In a wide-ranging and urgent conversation, Canadian tech pioneer Jim Balsillie—former co-CEO of Research In Motion, creators of the BlackBerry—delivers a sobering but hopeful message: Canada has everything it needs to become a global economic leader, but it must recognize where it has gone wrong over the past three decades and move swiftly to chart a new course in the knowledge economy.
Drawing on his deep experience in global business and policy, Balsillie highlights a critical turning point that Canada largely missed—the economic shift of the early 1990s, when the world moved from a production-based economy to one dominated by ideas, intellectual property (IP), and data. While countries like the U.S., Switzerland, and South Korea embraced this transformation, Canada continued to operate under outdated assumptions rooted in its resource-based legacy.
The Missed Opportunity of the Knowledge Economy
In 1994, Canada signed two transformative international agreements: NAFTA, which for the first time included sweeping intellectual property provisions, and TRIPS (Trade-Related Aspects of Intellectual Property Rights), a World Trade Organization framework that globalized IP enforcement.
While other nations built strategies around these shifts, Canada failed to acknowledge their significance. The government’s own “Orange Book,” published months later, focused on generic innovation goals—more jobs and better efficiency—without any mention of IP or the structural changes underway.
“We didn't even know the revolution had occurred,” Balsillie explains. “That’s the original sin.”
This misstep has had long-term consequences. Over the past 30 years, Canada has fallen to the bottom of the OECD in GDP per capita growth and productivity. Today, Canadian workers earn just 60 cents for every dollar their American counterparts make. Housing costs are surging, food insecurity is affecting one in four Canadians, and public services are under strain.
Intangible Assets: The New Currency of Power
The global economy is now driven by intangible assets—patents, copyrights, proprietary data, and algorithms. The design of a product is often more valuable than the product itself, and companies compete by enclosing knowledge, not just producing goods.
“In the 1990s, the goods themselves virtualized,” Balsillie says. “But Canada stayed analog.”
Canada’s most valuable ideas—funded by taxpayers and developed at universities in Edmonton, Toronto, and beyond—have been routinely transferred to foreign tech giants with little to no economic return. Examples include AI research absorbed by U.S. firms, battery technology developed at Dalhousie University now powering Tesla vehicles, and telecommunications research utilized by Huawei.

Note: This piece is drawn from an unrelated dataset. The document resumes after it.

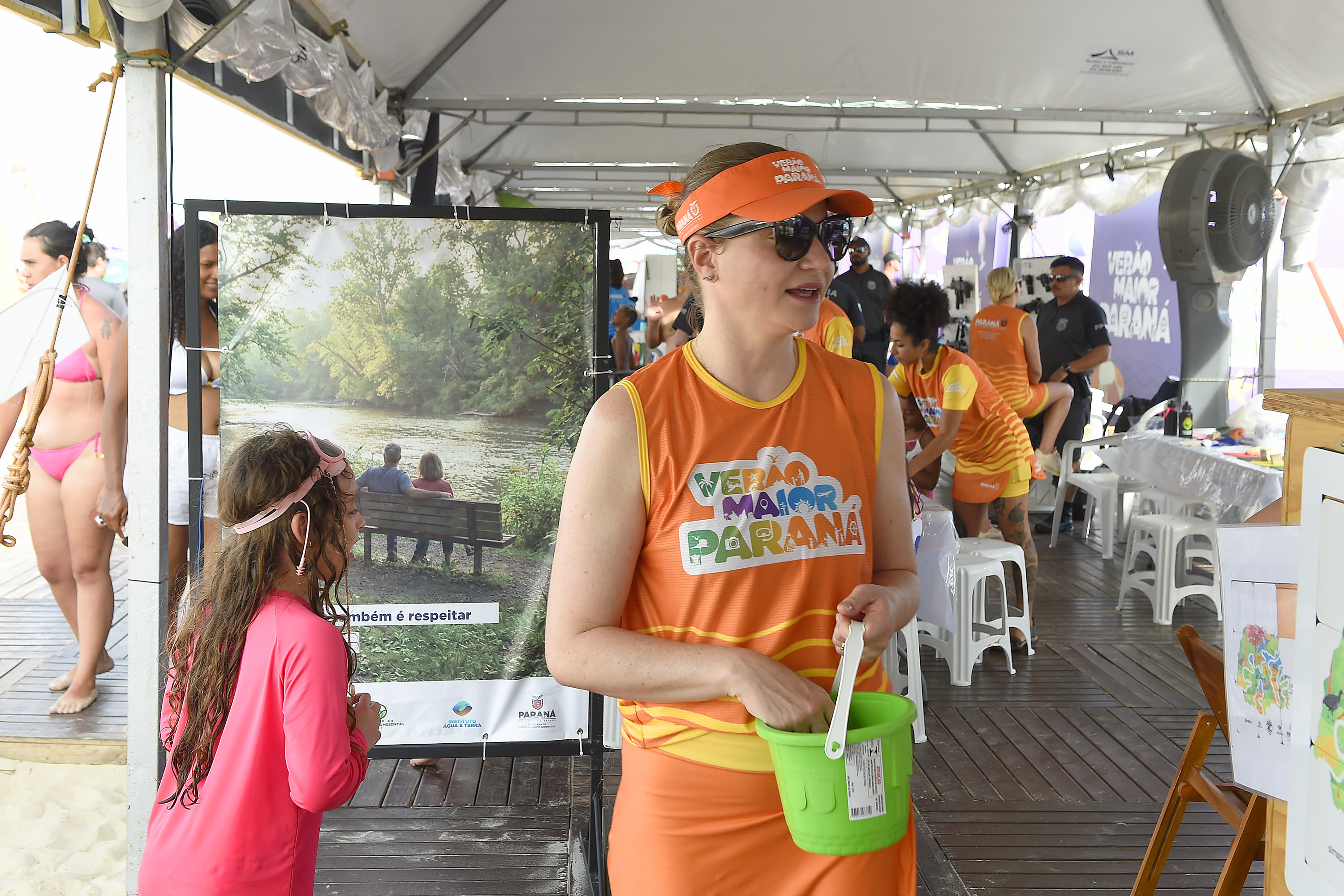 Paralelamente, o IAT também entregou folders com temas relacionados à compostagem, separação de resíduos, lixo no mar, entre muitos outros. Desenvolvidos pelo Instituto e parceiros, o intuito do material é fazer do Verão Maior Paraná um festival que une lazer e conscientização.
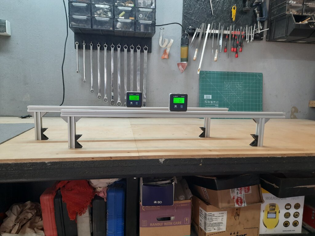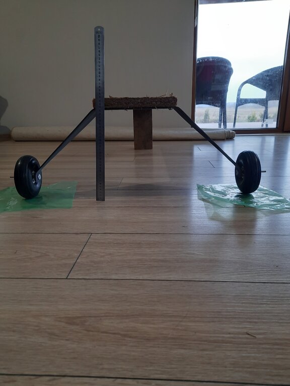 Sprawdzilem i przy ustawionym poziomo modelu mam 13 cm zapasu do ziemi: Ugięcie podwozia przy przeciażeniu 3g (52kg) było na poziomie 7 cm także mam 6 cm zapasu, chodź chętnie wstawiłbym jeszcze większe koła o ile znajde takie lekkie i pompowane. licze że 18 kg nie przekrocze:) Dorobilem sobie jeszcze takie przyrządy na bazie profili 20 mm V-slot, które wykorzystsm do niwelacji modelu - pomiaru kąta natarcia skrzydeł. Działam dalej. -

This pattern of value exfiltration has left Canada with neither the wealth nor the control it needs to thrive in the modern world.

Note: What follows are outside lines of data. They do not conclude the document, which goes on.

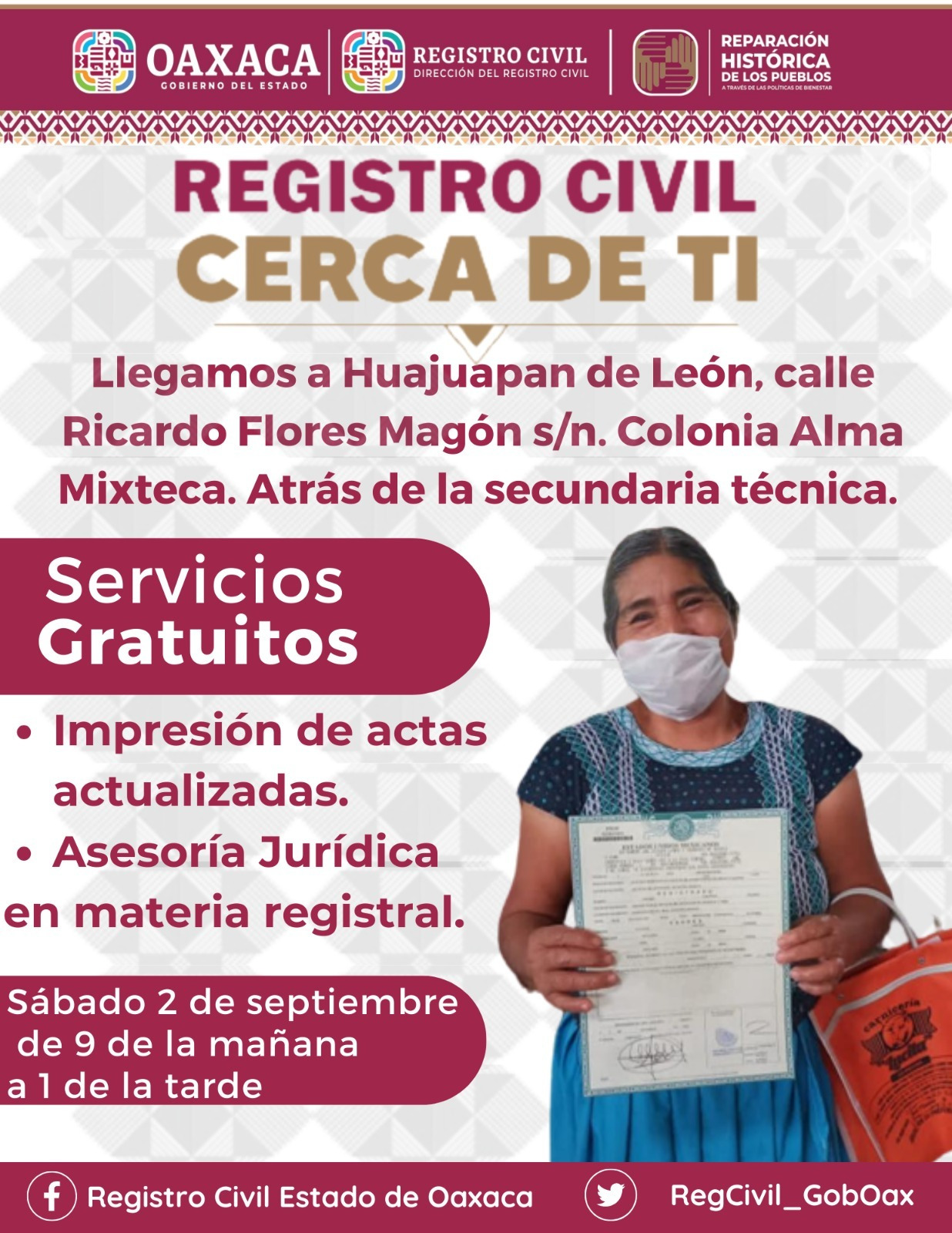 Bajo la premisa de ser un gobierno cercano al pueblo, la Dirección del Registro Civil realizará esta actividad en Huajuapan de León, Salina Cruz, en San Martín Lachilá, Santiago Cacaloxtepec y San Pedro Quiatoni para ofrecer servicios gratuitos en material registral en un día inhábil.
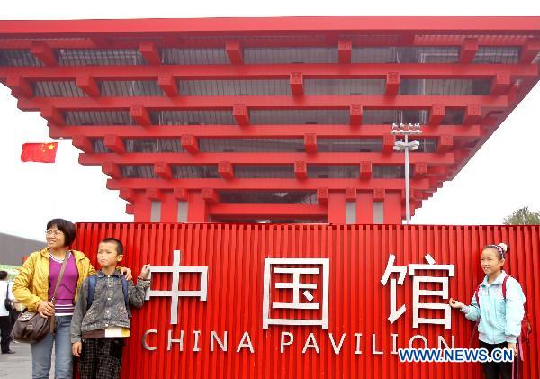 Visitors pose for photos in front of the China Pavilion at the World Expo Park in Shanghai, east China, Oct. 1, 2010. A series of activities are held at World Expo Park to mark China National Pavilion Day on Friday, during the 61st anniversary of the founding of the People's Republic of China. (Xinhua/Fan Jun)
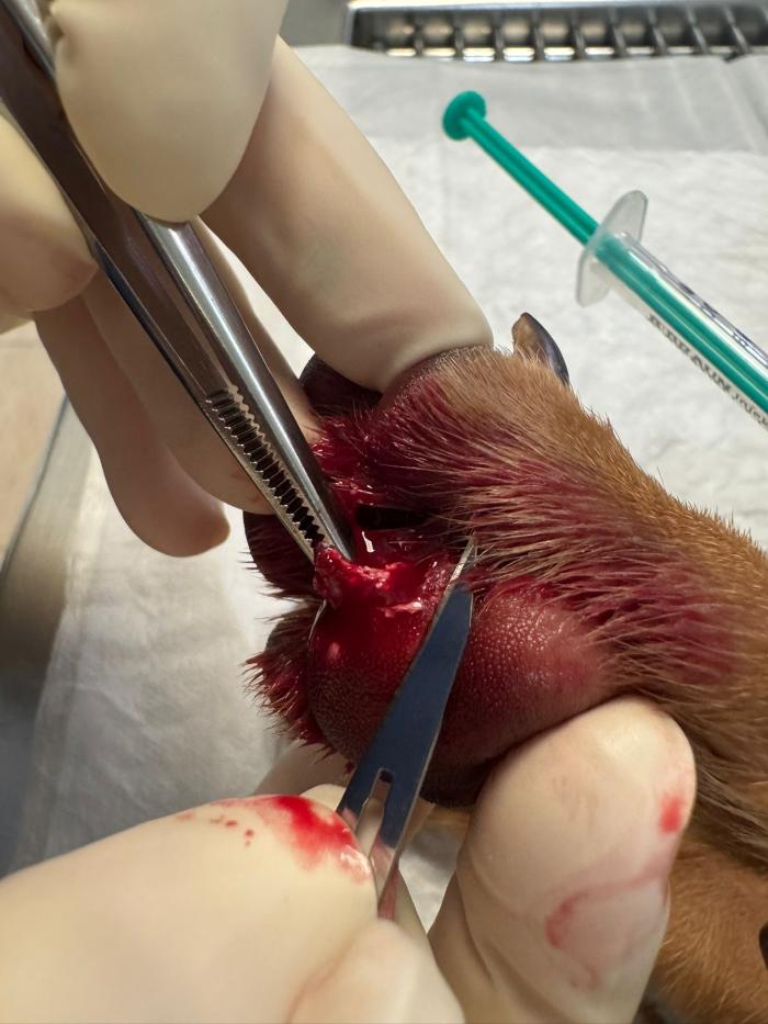 Tras la extracción de los depósitos cálcicos durante la toma de biopsia (Figuras 8 y 9), la paciente evolucionó favorablemente, con resolución completa de la cojera y ausencia de recidiva en los controles posteriores. Actualmente, la paciente se encuentra sana.
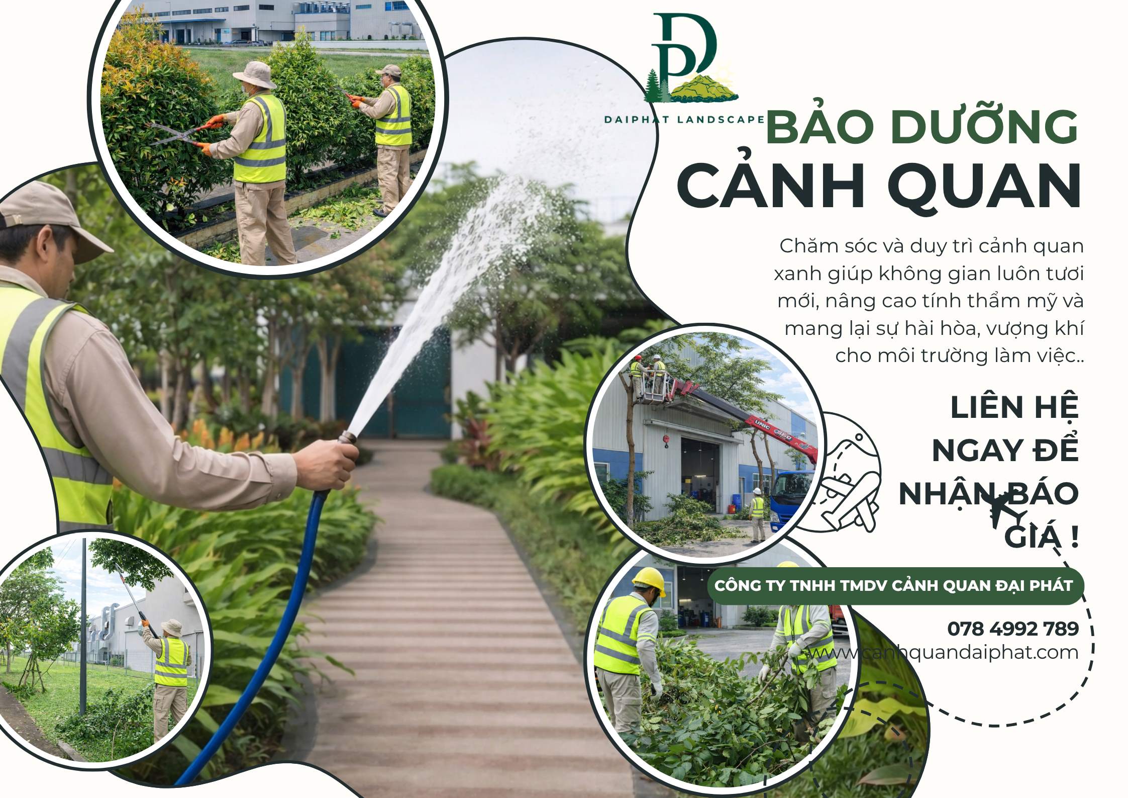 👉 Cảnh Quan Đại Phát cung cấp dịch vụ chăm sóc cây xanh & vệ sinh cảnh quan định kỳ, phù hợp tiêu chuẩn KCN Nhơn Trạch!
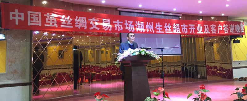晚間,中國繭絲綢交易市場湖州生絲超市開業(yè)暨客戶答謝晚宴隆重舉行。一百多名絲綢企業(yè)家蒞臨現(xiàn)場,氣氛熱烈。晚宴由市場徐錚副總經(jīng)理主持。市場劉卓明總經(jīng)理對大家的到來表示熱烈的歡迎,對絲綢企業(yè)對市場多年的信任和支持表示衷心的感謝。他在致辭中表示,市場設立湖州生絲倉庫有兩個初衷:聚物和聚人。所謂聚物,也就是繭絲綢市場積極利用平臺資源把中西部主產(chǎn)區(qū)的繅絲企業(yè)的產(chǎn)品進行匯集,給大家多一份選擇,讓大家買到最適合自己的產(chǎn)品,從而降低采購成本、縮短采購時間;所謂聚人,就是生絲超市積極打造信息和價格走勢的交流場所,中西部的生產(chǎn)和收購情況傳導給大家,另一方面也把湖州終端信息和流行趨勢反向傳導,實現(xiàn)雙向的交流。劉總希望大家繼續(xù)給與繭絲綢市場支持,市場也會全心全意為大家做好服務工作。

Strategic Sovereignty: What Canada Must Do
To reverse this decline, Balsillie calls for a two-legged economic strategy:
- Stage One: Continue to build and export in traditional sectors—resources, manufacturing, and finance.
- Stage Two: Build sovereignty over the knowledge economy—develop, own, and monetize IP and data, and create the legal and policy frameworks to enforce it.
Countries that dominate the global economy today have done this. The U.S. has embedded IP provisions in every trade agreement. It has a council of business leaders and legal experts dedicated to shaping global norms in its favor. Canada, by contrast, disbanded its Economic Council in the 1990s and never replaced it with an equivalent advisory infrastructure.
“We’re negotiating with people who know the game,” says Balsillie. “And we don’t even know there’s a game.”
To move forward, Balsillie argues Canada needs to rebuild its capacity to think strategically, especially within government. That means:
- Re-establishing expert advisory councils on trade, technology, and innovation.
- Integrating IP and data governance into national policy.
- Creating domestic incentives to retain Canadian talent and technology.
- Ensuring foreign firms operating in Canada provide meaningful local economic returns.
The High Cost of Inaction—and a Glimmer of Hope
But change is still possible.
“Canada is still a rich country with brilliant researchers and innovators,” Balsillie says. “We can choose to build a better future.”
Indeed, he sees encouraging signs. Provinces like Alberta and Manitoba are beginning to push for value-added strategies in energy, agriculture, and technology. He also notes that some federal political figures are starting to talk seriously about data sovereignty and domestic IP ownership—discussions that were absent for decades.
A Fork in the Road
For Balsillie, Canada’s current moment is a fork in the road. One path leads to continued decline, as the country drifts further from the sources of modern wealth and power. The other offers the opportunity to reclaim control over its economic future, invest in its own people and ideas, and finally build a modern, resilient, and sovereign knowledge economy.
“We actually have the opportunity to make this country roar,” Balsillie concludes. “If we choose wisely.”
This article is based on insights from Jim Balsillie, Canadian innovator, entrepreneur, and global policy advocate. He served as co-CEO of Research In Motion and continues to play a key role in shaping Canada’s innovation landscape.